Freight Rates on this trade continued to climb, the spot market has once again reacted to the recent growing political tensions, increasing by 32% between 22 March and 17 April to reach USD 2 849 per FEU.

Also, global freight encounters disruptions as container carriers reroute away from the Suez Canal, resulting in extended lead times and potential port congestion. Freight rates surge, with Asia-N. Europe rates are up 173%, Asia-Mediterranean prices doubling, and carriers implementing surcharges ranging from $500 to $2,700 per container. Operational challenges include adjusting schedules, adding vessels, and addressing potential congestion and shortages. Carriers, better equipped than during the pandemic, strive to manage diversions and maintain container traffic flow.

Full year 2024 outlook for ocean shipping

S&P Global: the disruptions the logistics world is currently facing will continue for the rest of the year, but the costs associated with shipping have not gone up as much as the spot rates did during the Red Sea attacks and the Panama Canal drought issues, leading to the recent pricing reversal. It’s continuing to see those rates drift down, and that may continue through the rest of the year.

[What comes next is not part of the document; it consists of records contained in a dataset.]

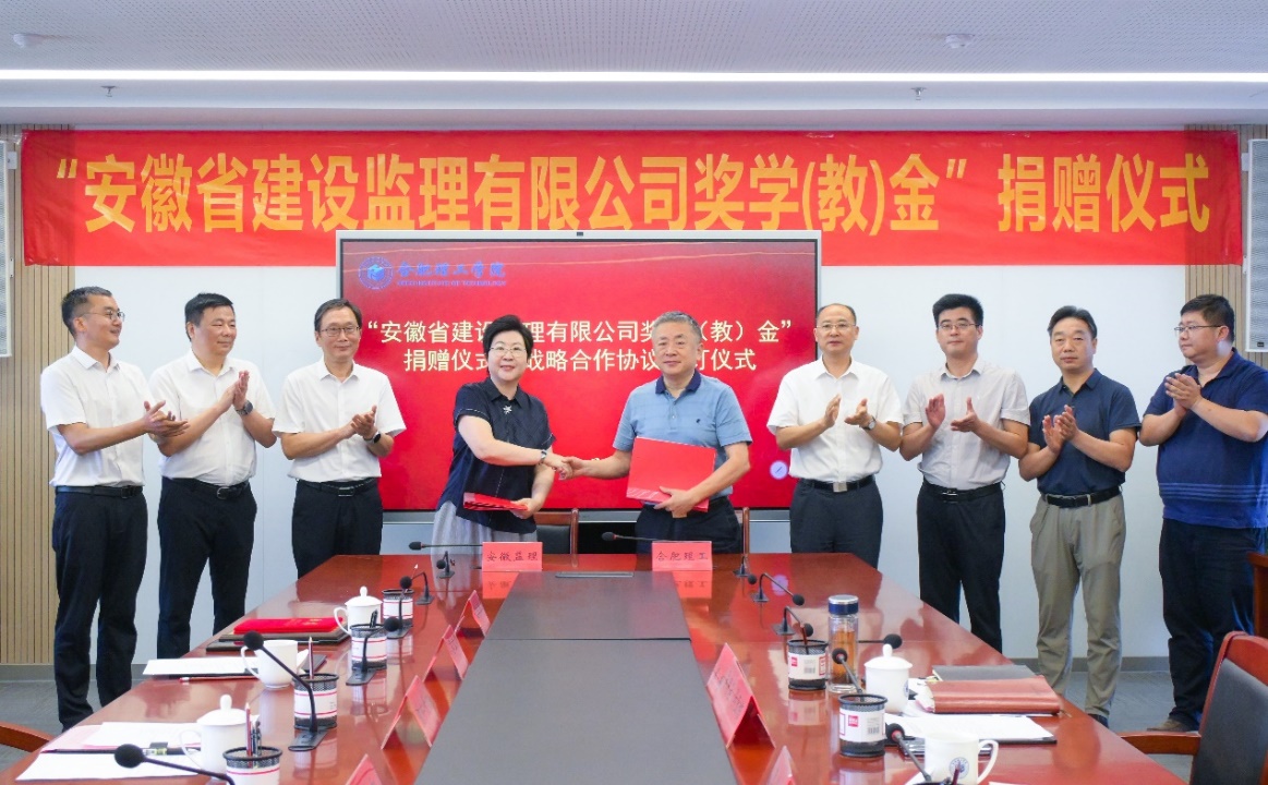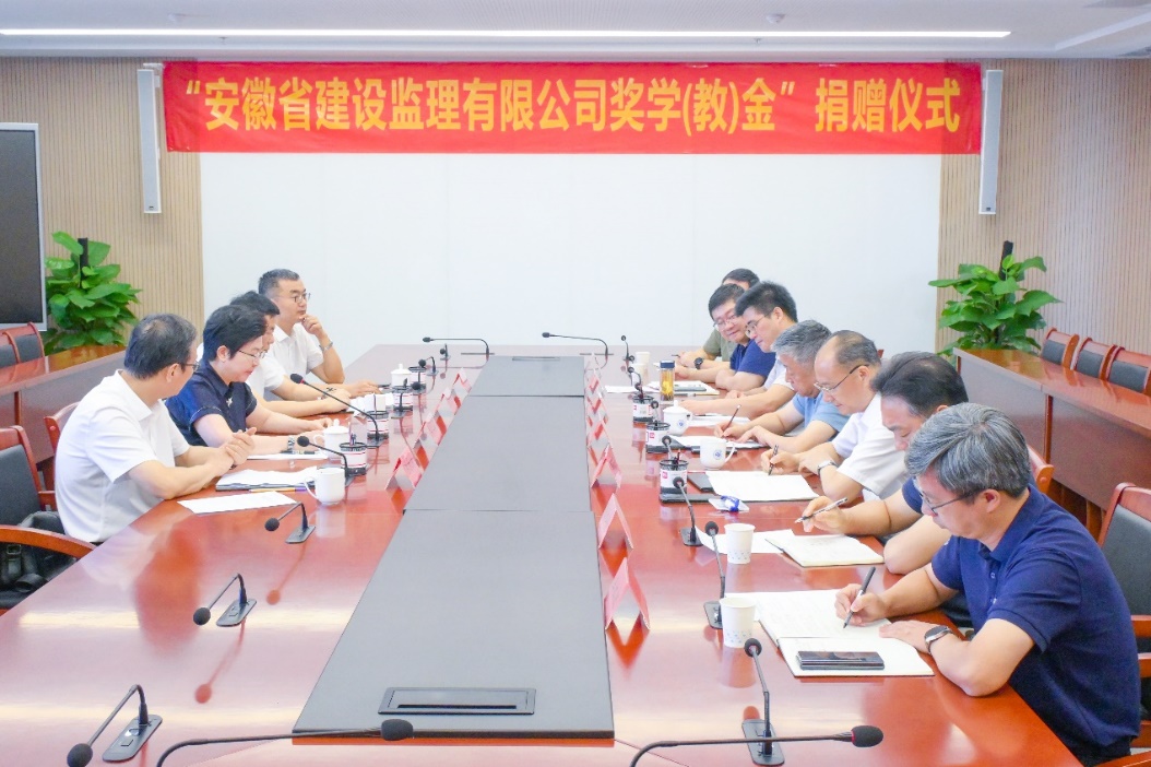 2025年9月17日,“安徽省建设监理有限公司奖学(教)金”捐赠暨校企战略合作协议签订仪式在pp电子行政综合楼第一会议室举行。校党委副书记、校长吴玉程,校筹备组副主任吴明在,安徽省建设监理有限公司(以下简称“安徽监理”)总经理朱仁芳、副总经理苏立新、副总经理陈永新、总经理助理王新闻出席捐赠和签约活动,仪式由校党委副书记、副校长李先强主持。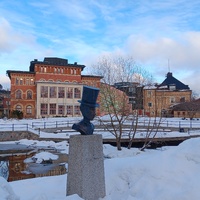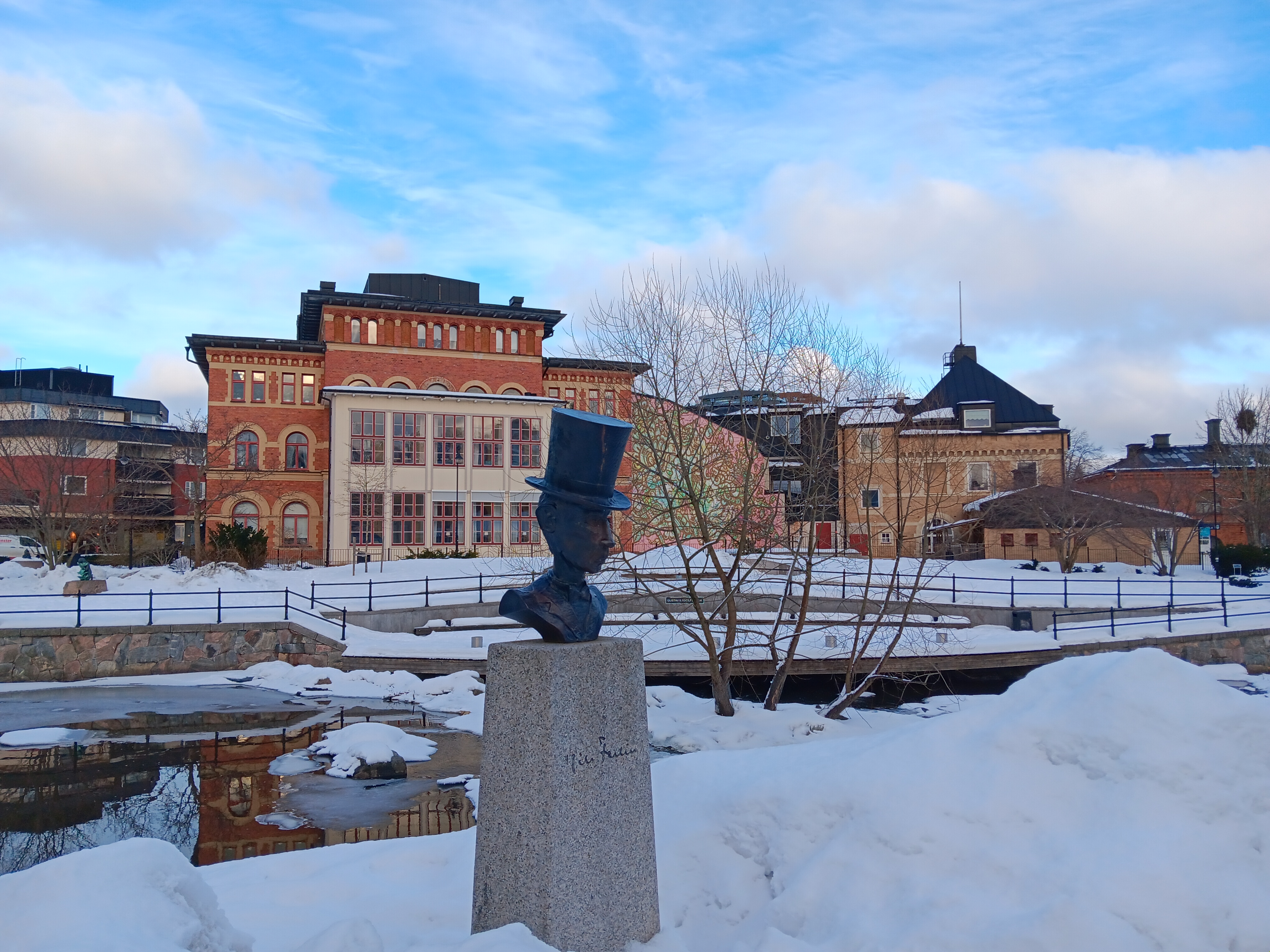 Del av Nils Ferlin i ett vintrigt Norrtälje
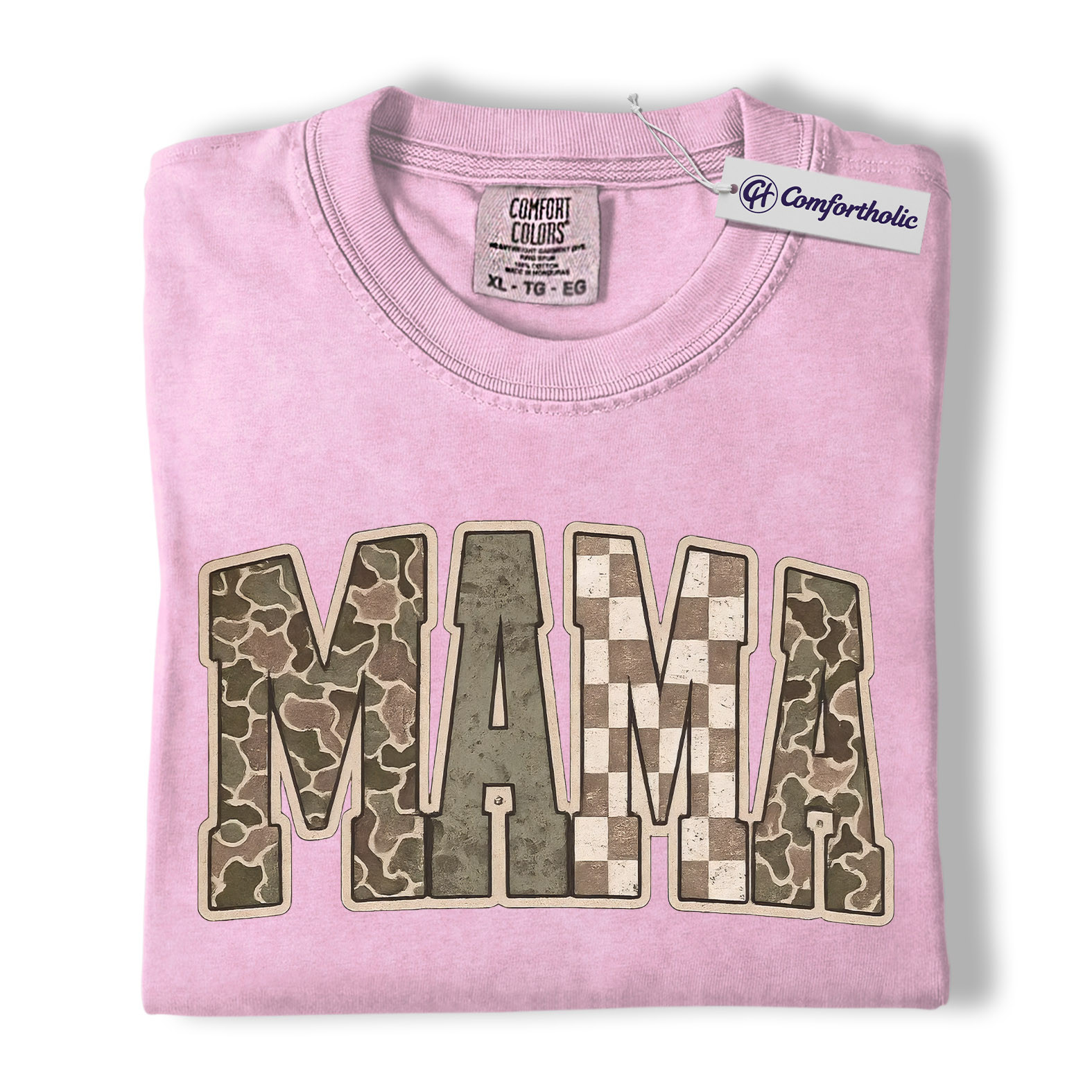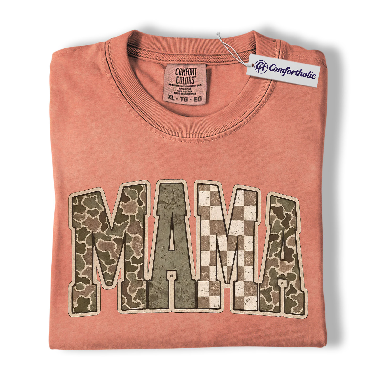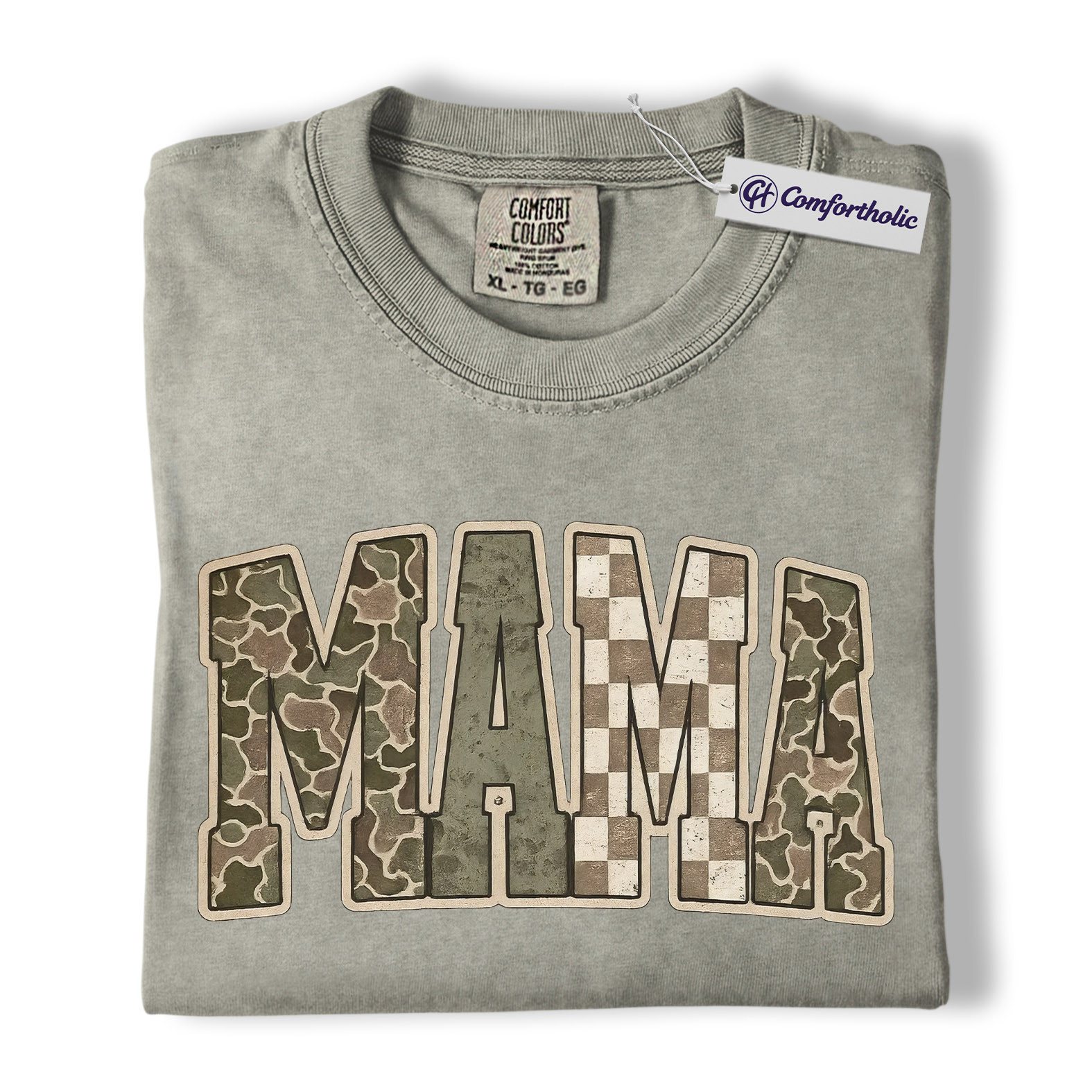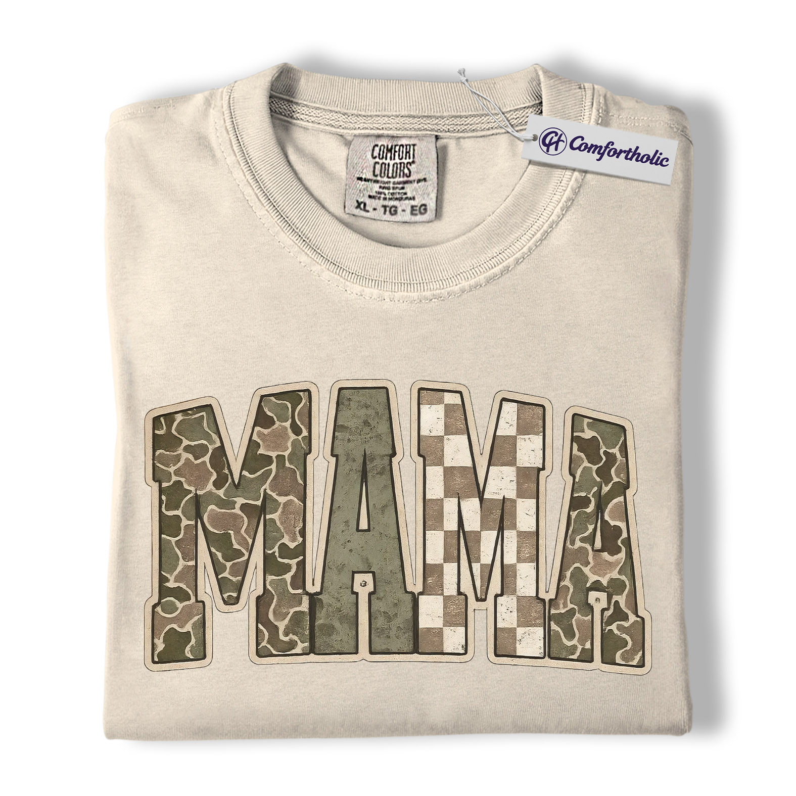 Mama Shirt, Camo and Gingham Graphic Tee, Rustic Motherhood Mom Life T-Shirt, Mother’s Day Gift for Moms, Comfort Colors Shirt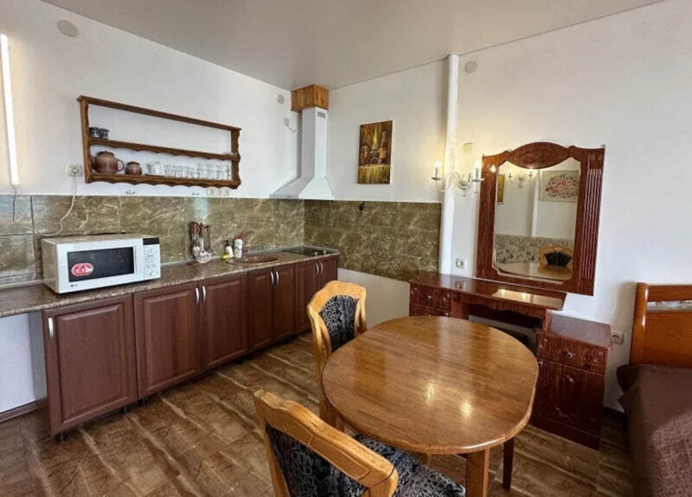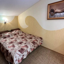 Комфортабельный однокомнатный 2-х местный номер Люкс с балконом, площадью 31 кв. м с одной 2-х спальной кроватью (спальное место 1,80 на 2,0м), и раскладным диваном. Номер оборудован кухней со всем необходимым для приема и приготовления пищи, полным комплектом посуды, холодильником, эл. плитой и вытяжкой. Просторный санузел с душем, укомплектован стиральной машиной. В номере есть кондиционер, бесплатный WiFi, телевизор. Номер предназначен для 2 человек, с возможностью размещения 1 человека на дополнительном месте.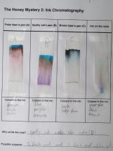 Summary In the second lesson of the Honey Mystery, students narrow down the suspects further with evidence in a written note. An adjacent lesson uses ink chromatography to create abstract art. Science content Chemistry: Physical Changes, Solutions, Mixtures and Separating (2, 4, 5, 6) Activities in this lesson Chromatography with black markers and forensics of ink on a note Chromatography with coloured marker pens Materials Remaining suspects from the previous lesson (The Honey Mystery 1): black and brown bear, black cat, black and white cat three informant stuffies, only one a cat, one a bear, any colours three black pens and a note written with one of them, in the posession of the the three informant stuffies coffee filters washable coloured ink pens (dark colours often work best) small tubs of water Q-tips Procedure Reintroduce the remaining suspects from the previous lesson (The Honey Mystery 1) It should be the back and white cat, the black and brown bear and the black cat. Dramatize a note being brought to you: Since I saw you last, I received some interesting news. This envelope was hand delivered by three very small, scared animals (show stuffies). They threw me the note, then ran away. “My sister was so hungry. It was she that stole the honey from Pooh”. If we can figure out who wrote the note, maybe it will help us figure out who stole the honey. I called them back and asked them to tell me more, but all they would do is hand over their pens. We will do a technique called chromatography to figure out who wrote the note. This technique is used by scientists to separate the colours in inks from a pen, or to separate the colours in lipstick or paint found at a crime scene. Do first activity (Chromatography with ink pens (black) and ink on a note). (In our lesson it was the spotty cat that wrote the note, so her cousin, also a cat, stole the honey. This eliminates any bear suspects, and leaves the two cats as suspects). We can also use chromatography to make some amazing patterns. Do an art activity with chromatography of coloured pens. Follow this lesson with The Honey Mystery 3. Grades taught Gr K Gr 1 Gr 4 Gr 5
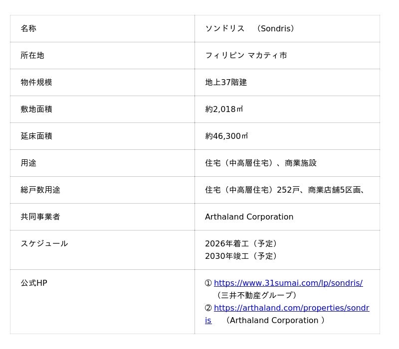 三井不動産株式会社(所在:東京都中央区、代表取締役社長:植田 俊、以下、「当社」)は、Mitsui Fudosan (Asia) Pte. Ltd.(三井不動産アジア株式会社、所在地:シンガポール)が100%出資しているフィリピン企業「SEAIメトロ・マニラ・ワン」を通じて、フィリピン・マニラ首都圏マカティ市における中高層住宅分譲事業「ソンドリス」(以下「本事業」)に参画したことをお知らせいたします。本事業は分譲住宅252戸、商業店舗5区画の複合開発事業です。本事業が加わり、当社のフィリピンでの事業は計2事業となります。

Freightos: even though Asia to West Coast freight rates is lower than the East Coast rates because it’s a shorter route, they have spiked due to both geopolitics and climate change. The Suez diversions affect the whole network. The Panama Canal I think is recovering now, but it is well below its full capacity because of a drought. They depend on rain there to fill the locks in that canal so a lot of importers would prefer to bring their goods into Long Beach port where they’re not dependent on the Panama Canal.

Drewry reported assessment on 18 April 2024

  • The composite index decreased by 3% to $2,719 per 40ft container this week and has increased by 53% when compared with the same week last year.
  • The latest Drewry WCI composite index of $2,719 per 40ft container is 91% more than average 2019 (pre-pandemic) rates of $1,420.
  • The average composite index for the year-to-date is $3,295 per 40ft container, which is $586 higher than the 10-year average rate of $2,709 (which was inflated by the exceptional 2020-22 Covid period).
  • Freight rates from Shanghai to New York decreased 5% or $257 to $4,453 per 40ft container. Similarly, rates from Shanghai to Los Angeles dropped 4% or $147 to $3,487 per 40ft box. Likewise, rates on Shanghai to Rotterdam and Shanghai to Genoa declined 2% to $2,989 and $3,577 per feu respectively. Conversely, rates from Rotterdam to New York increased by 3% or $67 to $2,291 per 40ft container. Also rates from Los Angeles to Shanghai increased 2% or $15 to $708 per feu. While rates from Rotterdam to Shanghai and New York to Rotterdam remained stable. Drewry expects a minor decrease in spot rates in the coming week.